DATA TO USE:
====
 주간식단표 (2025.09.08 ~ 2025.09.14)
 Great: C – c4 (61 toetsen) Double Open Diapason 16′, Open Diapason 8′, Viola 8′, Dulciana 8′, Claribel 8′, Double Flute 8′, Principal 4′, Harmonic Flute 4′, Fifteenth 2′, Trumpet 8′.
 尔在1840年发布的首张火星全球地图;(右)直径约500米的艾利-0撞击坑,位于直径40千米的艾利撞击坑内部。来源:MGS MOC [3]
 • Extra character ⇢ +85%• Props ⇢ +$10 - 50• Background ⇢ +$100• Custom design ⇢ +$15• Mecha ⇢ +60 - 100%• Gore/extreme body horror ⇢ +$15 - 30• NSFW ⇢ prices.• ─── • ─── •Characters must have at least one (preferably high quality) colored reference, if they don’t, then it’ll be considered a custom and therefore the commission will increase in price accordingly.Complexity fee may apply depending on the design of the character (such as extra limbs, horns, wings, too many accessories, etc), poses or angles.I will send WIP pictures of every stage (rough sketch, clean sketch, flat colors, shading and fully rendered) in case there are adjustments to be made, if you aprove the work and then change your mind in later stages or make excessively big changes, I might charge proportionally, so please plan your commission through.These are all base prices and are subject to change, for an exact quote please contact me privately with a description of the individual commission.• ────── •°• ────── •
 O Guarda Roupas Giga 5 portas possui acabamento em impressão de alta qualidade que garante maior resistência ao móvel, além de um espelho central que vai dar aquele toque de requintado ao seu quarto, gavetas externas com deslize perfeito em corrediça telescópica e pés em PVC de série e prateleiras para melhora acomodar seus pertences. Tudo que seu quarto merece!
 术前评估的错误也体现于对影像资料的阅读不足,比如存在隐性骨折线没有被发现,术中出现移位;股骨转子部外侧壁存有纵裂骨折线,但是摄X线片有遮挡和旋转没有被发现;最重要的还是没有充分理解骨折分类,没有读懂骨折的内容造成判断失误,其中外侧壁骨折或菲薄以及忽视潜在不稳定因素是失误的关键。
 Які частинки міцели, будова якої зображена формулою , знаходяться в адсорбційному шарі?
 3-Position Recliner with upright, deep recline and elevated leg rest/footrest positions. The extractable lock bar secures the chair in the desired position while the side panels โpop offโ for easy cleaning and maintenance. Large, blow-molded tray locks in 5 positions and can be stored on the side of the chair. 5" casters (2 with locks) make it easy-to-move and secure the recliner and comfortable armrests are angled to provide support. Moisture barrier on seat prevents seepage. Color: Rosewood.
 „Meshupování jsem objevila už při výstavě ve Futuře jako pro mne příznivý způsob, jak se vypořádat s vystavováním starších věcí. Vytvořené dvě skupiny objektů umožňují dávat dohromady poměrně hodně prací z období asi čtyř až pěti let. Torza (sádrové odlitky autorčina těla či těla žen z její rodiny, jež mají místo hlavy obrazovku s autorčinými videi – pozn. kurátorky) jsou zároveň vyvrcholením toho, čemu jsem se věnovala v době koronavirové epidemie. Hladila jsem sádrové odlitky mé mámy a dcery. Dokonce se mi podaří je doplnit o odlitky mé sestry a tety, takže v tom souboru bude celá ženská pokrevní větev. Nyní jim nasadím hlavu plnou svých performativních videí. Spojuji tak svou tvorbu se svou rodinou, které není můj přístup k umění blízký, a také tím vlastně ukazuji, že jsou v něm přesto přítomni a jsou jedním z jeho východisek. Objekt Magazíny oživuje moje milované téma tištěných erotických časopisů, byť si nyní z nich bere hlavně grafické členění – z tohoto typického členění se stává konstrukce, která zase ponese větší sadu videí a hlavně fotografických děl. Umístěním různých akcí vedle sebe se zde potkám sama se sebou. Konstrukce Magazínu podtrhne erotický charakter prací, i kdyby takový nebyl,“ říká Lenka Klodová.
====
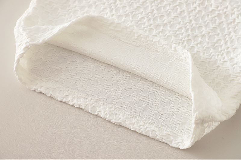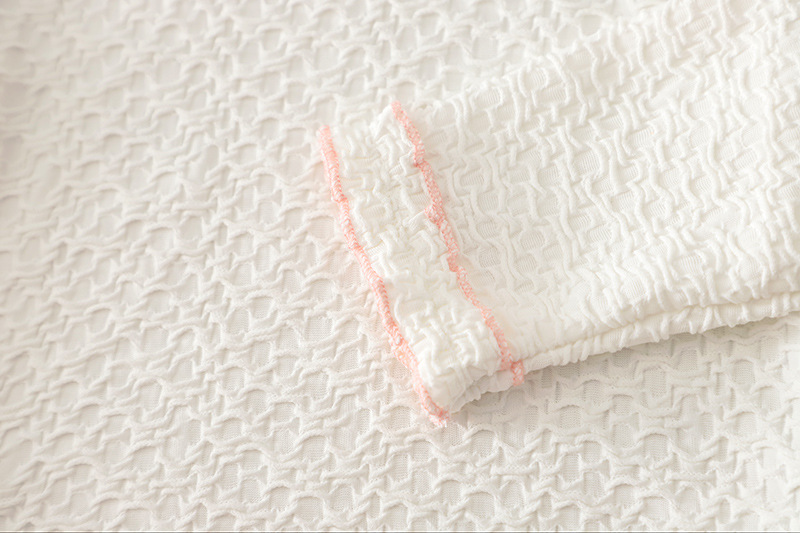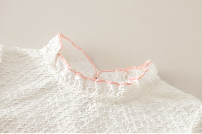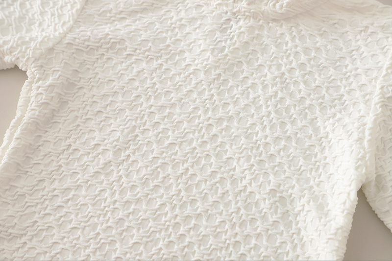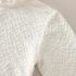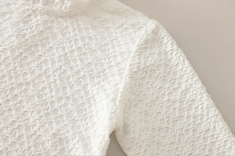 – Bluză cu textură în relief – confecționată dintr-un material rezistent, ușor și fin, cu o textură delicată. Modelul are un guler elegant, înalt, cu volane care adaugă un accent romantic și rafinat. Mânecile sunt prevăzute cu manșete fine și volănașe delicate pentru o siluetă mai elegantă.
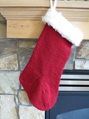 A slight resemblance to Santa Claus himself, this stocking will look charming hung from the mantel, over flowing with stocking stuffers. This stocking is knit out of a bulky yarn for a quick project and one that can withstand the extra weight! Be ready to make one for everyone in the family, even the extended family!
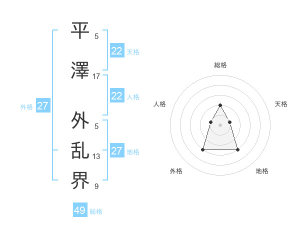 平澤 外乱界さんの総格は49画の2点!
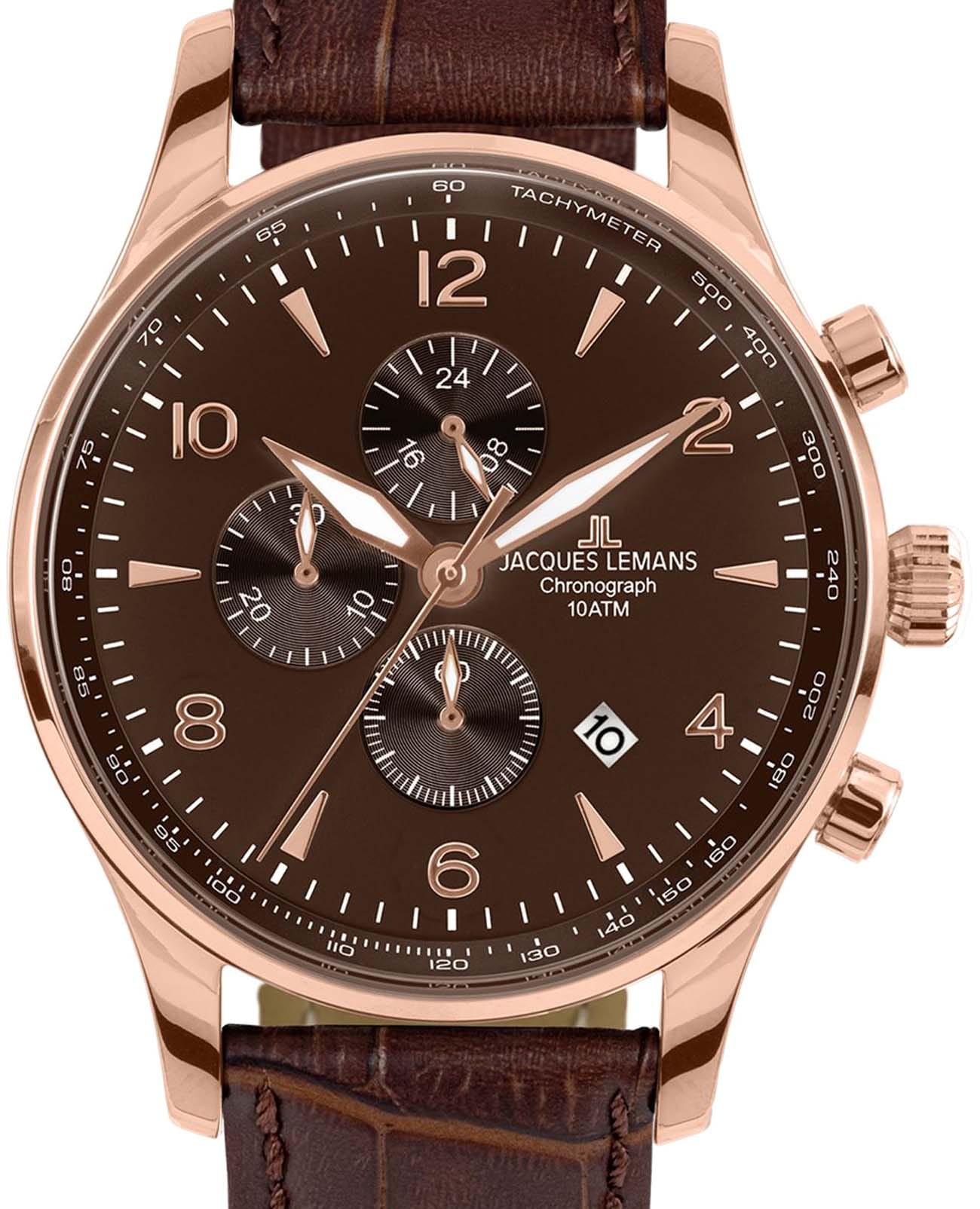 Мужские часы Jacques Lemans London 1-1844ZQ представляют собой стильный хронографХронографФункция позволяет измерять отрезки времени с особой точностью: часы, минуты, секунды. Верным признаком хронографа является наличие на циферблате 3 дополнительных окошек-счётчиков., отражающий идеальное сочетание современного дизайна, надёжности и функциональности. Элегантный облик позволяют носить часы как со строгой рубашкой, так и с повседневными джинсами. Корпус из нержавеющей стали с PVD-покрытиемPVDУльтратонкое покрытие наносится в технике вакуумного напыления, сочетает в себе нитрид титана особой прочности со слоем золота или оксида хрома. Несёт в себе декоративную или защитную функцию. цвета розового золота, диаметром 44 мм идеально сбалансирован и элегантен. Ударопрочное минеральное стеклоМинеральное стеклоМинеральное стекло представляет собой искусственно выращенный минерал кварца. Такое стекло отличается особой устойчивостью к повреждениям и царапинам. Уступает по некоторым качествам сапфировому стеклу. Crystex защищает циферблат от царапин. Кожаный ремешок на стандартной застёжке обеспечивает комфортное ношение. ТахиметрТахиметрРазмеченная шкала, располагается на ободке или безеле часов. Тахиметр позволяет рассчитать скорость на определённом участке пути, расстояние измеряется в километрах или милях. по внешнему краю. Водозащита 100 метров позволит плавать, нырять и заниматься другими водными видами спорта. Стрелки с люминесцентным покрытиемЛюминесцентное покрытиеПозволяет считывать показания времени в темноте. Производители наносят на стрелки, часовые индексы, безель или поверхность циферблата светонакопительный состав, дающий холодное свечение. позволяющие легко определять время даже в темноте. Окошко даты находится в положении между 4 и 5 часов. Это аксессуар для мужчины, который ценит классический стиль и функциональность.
====
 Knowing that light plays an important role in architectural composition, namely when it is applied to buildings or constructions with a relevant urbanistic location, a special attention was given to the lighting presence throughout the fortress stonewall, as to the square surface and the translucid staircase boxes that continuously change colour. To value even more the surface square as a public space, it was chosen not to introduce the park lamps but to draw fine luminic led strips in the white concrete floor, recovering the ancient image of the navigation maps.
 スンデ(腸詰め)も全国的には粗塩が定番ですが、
====
REQUIREMENT: Where a picture appears in the records above, omit it, and transcribe exactly the stretch of lines from the one with "siluetă mai elegantă." through the one with "平澤 外乱界さんの総格は49画の2点!".

EXERCISE RESULT:
 – Bluză cu textură în relief – confecționată dintr-un material rezistent, ușor și fin, cu o textură delicată. Modelul are un guler elegant, înalt, cu volane care adaugă un accent romantic și rafinat. Mânecile sunt prevăzute cu manșete fine și volănașe delicate pentru o siluetă mai elegantă.
 A slight resemblance to Santa Claus himself, this stocking will look charming hung from the mantel, over flowing with stocking stuffers. This stocking is knit out of a bulky yarn for a quick project and one that can withstand the extra weight! Be ready to make one for everyone in the family, even the extended family!
 平澤 外乱界さんの総格は49画の2点!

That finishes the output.